With reports of patients suffering severe conditions renewing record figures almost on a daily basis, medical professionals warn of a medical system collapse where they will have to give up on otherwise treatable patients because of the lack of hospital beds.

"If infections continue to increase, there is a danger of not being able to save lives that could be saved," a medical expert said.

Data compiled by the ministry as of Wednesday showed that about 4,300 deaths confirmed until then accounted for 1.3 percent of the total number of those who had contracted the virus.

By age group, the death rate for COVID-19 patients in their 80s and above stood at 11.5 percent, and that for those in the 70s came to 4.3 percent.

Meanwhile, Tokyo confirmed 1,070 infections Saturday, raising the cumulative total to 92,904.

The latest figure, however, was less than half the record 2,447 daily cases logged on Jan. 7.

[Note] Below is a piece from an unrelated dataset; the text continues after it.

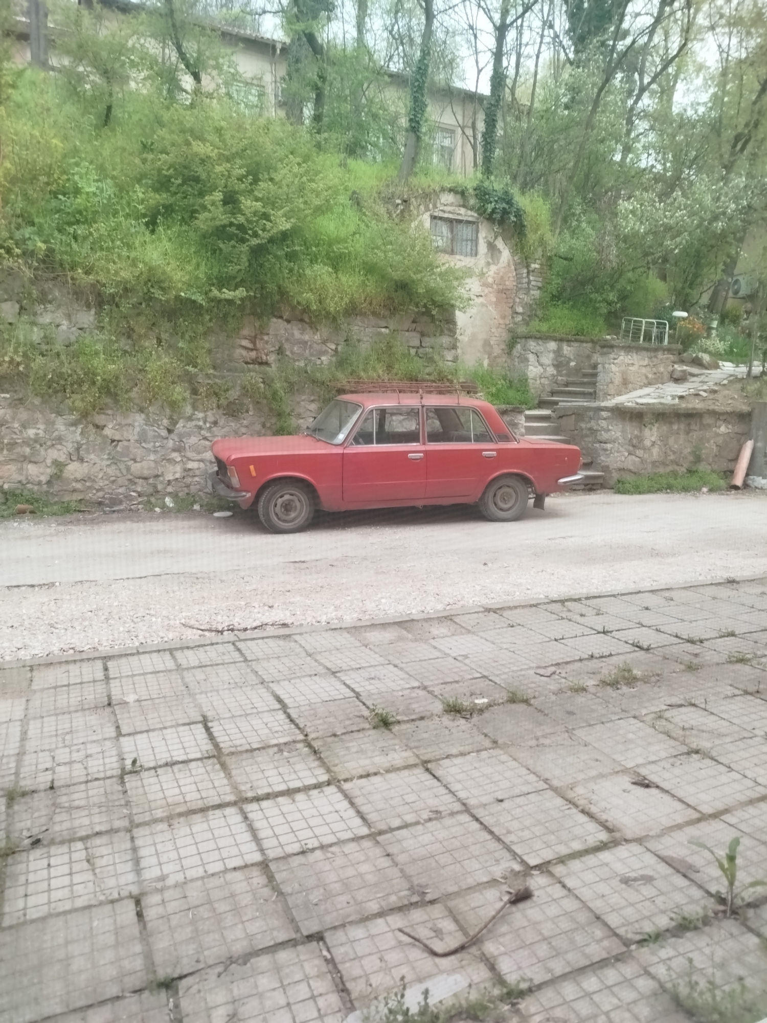 A red four-door sedan is parked on a dirt and gravel road next to a stone wall. Behind the wall is a green hillside with buildings partially visible. The foreground is a paved area with square tiles.…read more
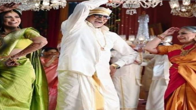 वहीं इसी ओकेजन की दूसरी तस्वीर में कटरीना भी साथ नजर आ रही हैं. इसमें कटरीना हरे रंग की साड़ी में अमिताभ और जया संग ठुमके लगाती नजर आईं.

Daily infections have gradually been decreasing since the second state of emergency was declared on Jan. 8, although the number remains high compared to the first emergency last year.

The number of those hospitalized in the capital as serious cases was at 156 on Saturday, down two from the previous day, according to the metropolitan government.

There were 4,717 new cases nationwide. The tally for severely ill patients across Japan fell by two to 1,009, continuing to remain above 1,000.